2002 The GI Diet popularised

The concept of the glycemic index was developed by Canadian Dr David Jenkins in 1980-81.  His research showed that some starchy foods could have similar effects on blood sugar to simple sugars, depending on how quickly they were absorbed.  Although other books preceded his, Rick Gallop popularised the GI Diet as a means to weight loss with a series of books, the first being published in 2002.

When Dr Jenkins and his colleagues at the University of Toronto set out to find which foods were best for people with diabetes, their findings upset some traditional views on healthy eating. For years, our nutrition guidelines had been based on the “food pyramid”. This had nasties like fat and sugar at the top (eat least) and fruit and vegetables at the bottom (eat most). The problem was with the second-bottom rung – complex carbohydrates. We’d been told to dig in to pasta and rice, bread and potatoes. Wrong.

Suddenly the worst, the very worst, thing you could eat was mashed potato. Apparently, this was digested in an instant, sending great jolts of sugar into your bloodstream, which bamboozled your pancreas and all your cells. As a result, you couldn’t process the sugar and it was promptly converted into fat and re-routed to your belly. The same thing happened when you ate white bread, white rice, most kinds of pasta and anything made with white flour. Suddenly we had a new diet mantra – cut the carbs.

The glycemic index is a numerical way of describing how carbohydrates in foods affect blood sugar levels. The index measures how quickly a 50-gram serving of a particular food converts to sugar. To put it another way, in the words of the Glycemic Index Foundation, the Glycemic Index (GI) is a relative ranking of carbohydrates in foods according to how they affect blood glucose levels. Carbohydrates with a low GI value (55 or less) are more slowly digested, absorbed and metabolised and cause a lower and slower rise in blood glucose and, therefore usually, insulin levels.
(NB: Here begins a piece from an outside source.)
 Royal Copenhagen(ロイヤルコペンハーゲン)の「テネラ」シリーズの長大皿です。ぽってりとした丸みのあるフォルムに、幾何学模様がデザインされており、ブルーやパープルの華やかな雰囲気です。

For two decades, the glycemic index idea was largely confined to the scientific community. Then, in 2002, a book by another Canadian resident, Rick Gallop, brought the concept to public notice. Gallop was an advertising and marketing executive who became President and CEO of the Heart and Stroke Foundation of Ontario. His first book, published in 2002, was a result of his own struggle with weight gain. He went on to write many books about the glycemic index.
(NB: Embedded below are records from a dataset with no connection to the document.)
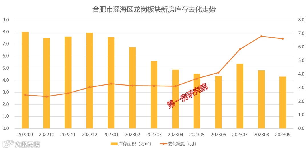 截止到9月份,合肥市瑶海区龙岗板块新房库存为4.3万㎡,去化周期为6.6个月,板块市场健康。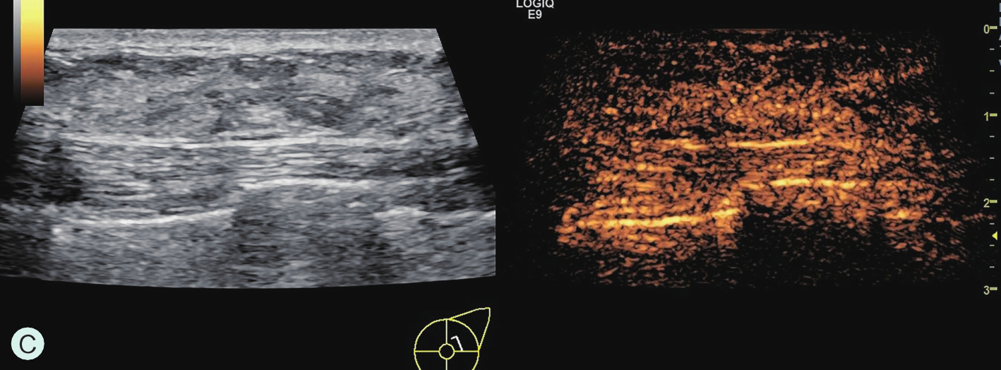 哺乳期的正常激素改变会引起乳腺密度增加和快速弥漫性强化,干扰对结果的正确解读,因此哺乳期乳腺超声造影的价值有限。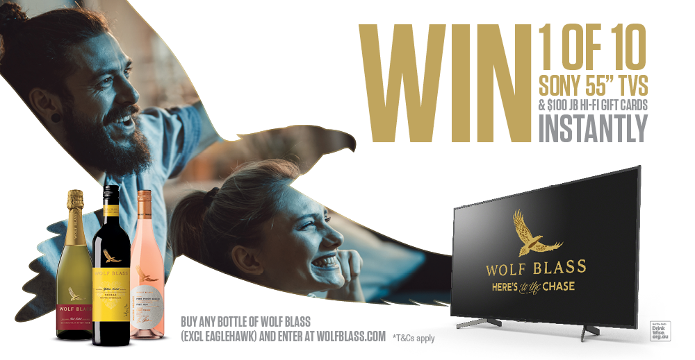 https://www.wolfblass.com/en-au/septemberpromotion & fill out entry form incl. receipt upload to see if you provisionally win instant prize & to enter major draw. Max 6 outlet entries per person per day & max 1 entry per receipt. Max 1 venue entry per person per day. Keep original itemised receipt/s. Major draw: 10am (AEDT) 12/10/20, L8, 161 Collins St, Melb 3000. 49 instant win prizes (1 per day): $100 JB Hi-Fi Gift Card. 10 major prizes: 55" X70G LED 4K Ultra HD High Dynamic Range Smart TV ($995 ea). Total prize pool $14,850. See website on 14/10/20 for major winners. Opt in to get future marketing from Promoter. See website for full conditions inc. privacy statement. Promoter: Treasury Wine Estates Australia Limited, ABN 78 145 321 320, Level 8, 161 Collins St Melbourne VIC 3000. Permits: ACT TP 20/00829, SA T20/728, NSW LTPS/20/44234

In 2003 an American cardiologist, Dr Agatston, published The South Beach Diet, which further popularised the idea of the low GI diet. I tried the South Beach Diet and it worked. The first two weeks were hell – no bread, no biscuits, no fruit, no alcohol. But the kilos peeled away. The next month was easier and, for the best part of a year, I stuck to the “maintenance” program. Then, as you do, I started backsliding and I’ve never had the willpower to go through the whole regime again. Dr Agatston’s book stayed on the best-seller lists for 96 weeks in 2004 and the GI diet principle was here to stay.
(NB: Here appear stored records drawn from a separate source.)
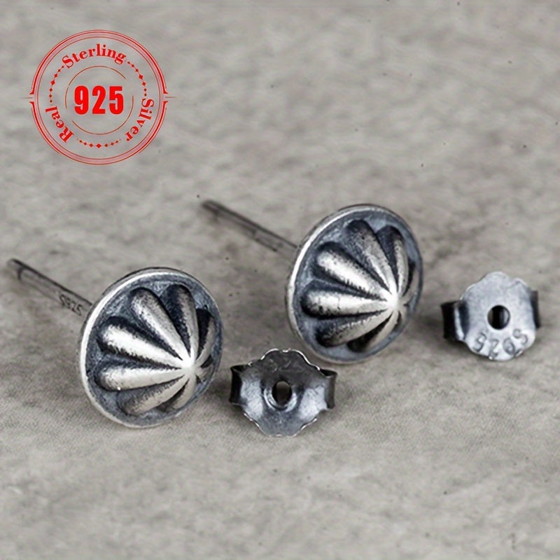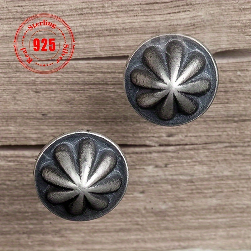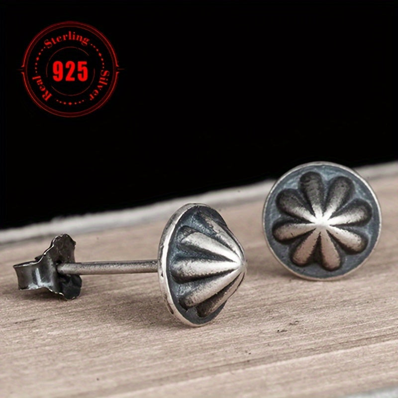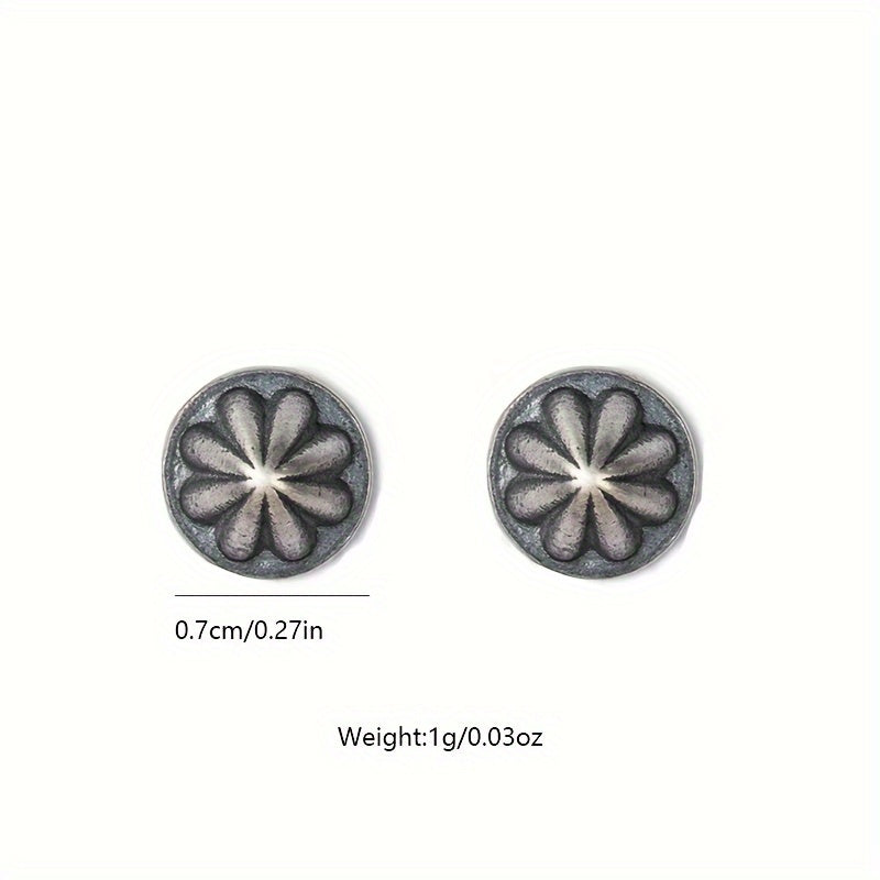 These silver stud earrings have a unique petal floral design with a cloth buckle, perfect for a Halloween party or themed event. They weigh about 1g and have a retro gothic punk style.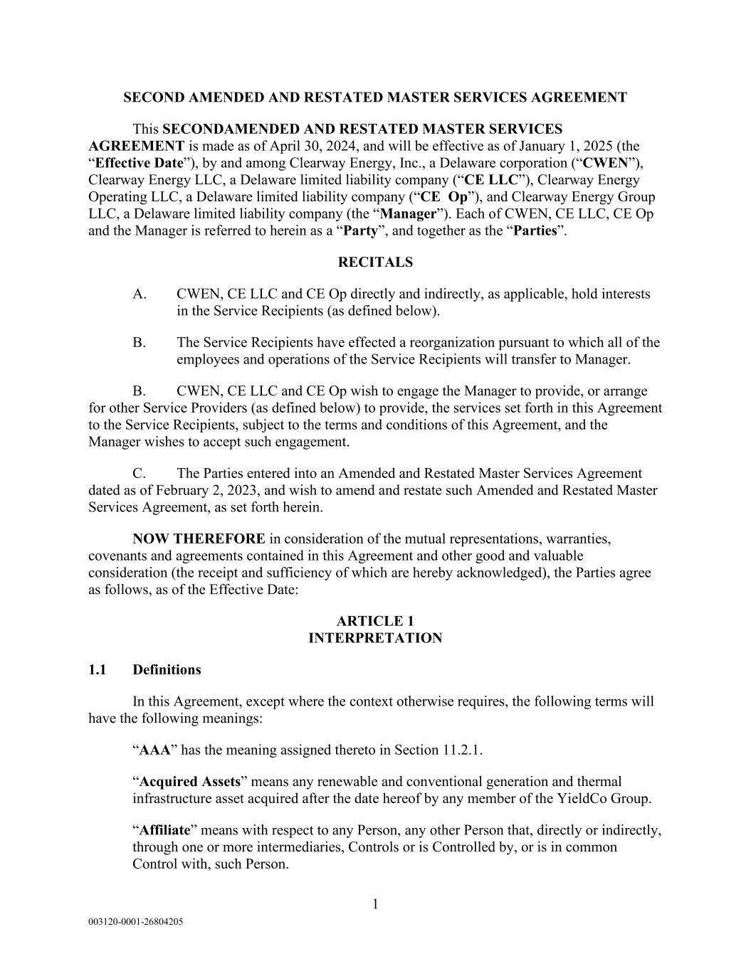 1 003120-0001-26804205 SECOND AMENDED AND RESTATED MASTER SERVICES AGREEMENT This SECONDAMENDED AND RESTATED MASTER SERVICES AGREEMENT is made as of April 30, 2024, and will be effective as of January 1, 2025 (the “Effective Date”), by and among Clearway Energy, Inc., a Delaware corporation (“CWEN”), Clearway Energy LLC, a Delaware limited liability company (“CE LLC”), Clearway Energy Operating LLC, a Delaware limited liability company (“CE Op”), and Clearway Energy Group LLC, a Delaware limited liability company (the “Manager”). Each of CWEN, CE LLC, CE Op and the Manager is referred to herein as a “Party”, and together as the “Parties”. RECITALS A. CWEN, CE LLC and CE Op directly and indirectly, as applicable, hold interests in the Service Recipients (as defined below). B. The Service Recipients have effected a reorganization pursuant to which all of the employees and operations of the Service Recipients will transfer to Manager. B. CWEN, CE LLC and CE Op wish to engage the Manager to provide, or arrange for other Service Providers (as defined below) to provide, the services set forth in this Agreement to the Service Recipients, subject to the terms and conditions of this Agreement, and the Manager wishes to accept such engagement. C. The Parties entered into an Amended and Restated Master Services Agreement dated as of February 2, 2023, and wish to amend and restate such Amended and Restated Master Services Agreement, as set forth herein. NOW THEREFORE in consideration of the mutual representations, warranties, covenants and agreements contained in this Agreement and other good and valuable consideration (the receipt and sufficiency of which are hereby acknowledged), the Parties agree as follows, as of the Effective Date: ARTICLE 1 INTERPRETATION 1.1 Definitions In this Agreement, except where the context otherwise requires, the following terms will have the following meanings: “AAA” has the meaning assigned thereto in Section 11.2.1. “Acquired Assets” means any renewable and conventional generation and thermal infrastructure asset acquired after the date hereof by any member of the YieldCo Group. “Affiliate” means with respect to any Person, any other Person that, directly or indirectly, through one or more intermediaries, Controls or is Controlled by, or is in common Control with, such Person.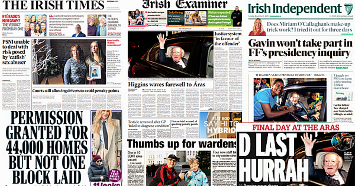 Drivers avoiding penalty points and Michael D Higgins' time as President coming to an end make the front pages of Tuesday's papers.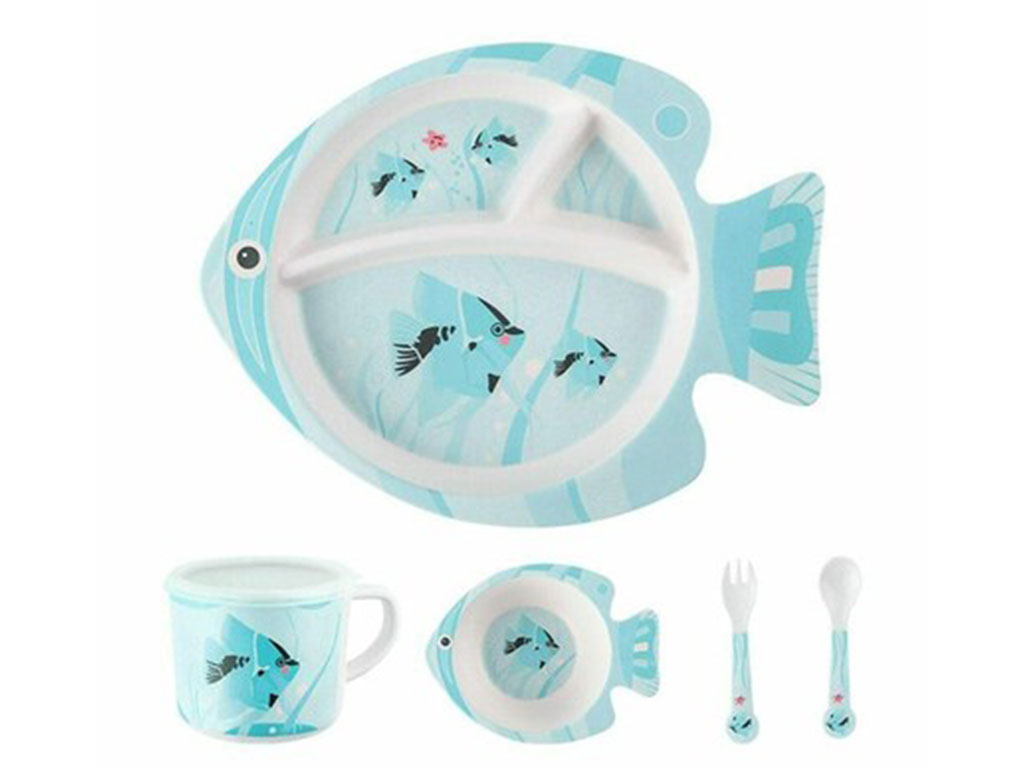ست ظرف غذا کودک و نوزاد بامبو طرح ماهی مناسب ۶ ماه به بالا محتویات بسته بندی:1 عدد بشقاب یک عدد، ۱ عدد پیاله 1 عدد لیوان دسته دار قاشق و چنگال

Australian researchers have also made a significant contribution to the understanding of the glycemic index. Jennie Brand-Miller is now a Professor in the School of Molecular Biosciences at the University of Sydney. In 1999, she and her associates published a book with the somewhat unwieldy title of The Glucose Revolution: The Authoritative Guide to the Glycemic Index–the Groundbreaking Medical Discovery. But it was her 2004 book,  The Low GI Diet that became the Australian ‘bible’ on the subject.  She has since published many more books and leads the Sydney University group that tests foods to determine their glycemic index.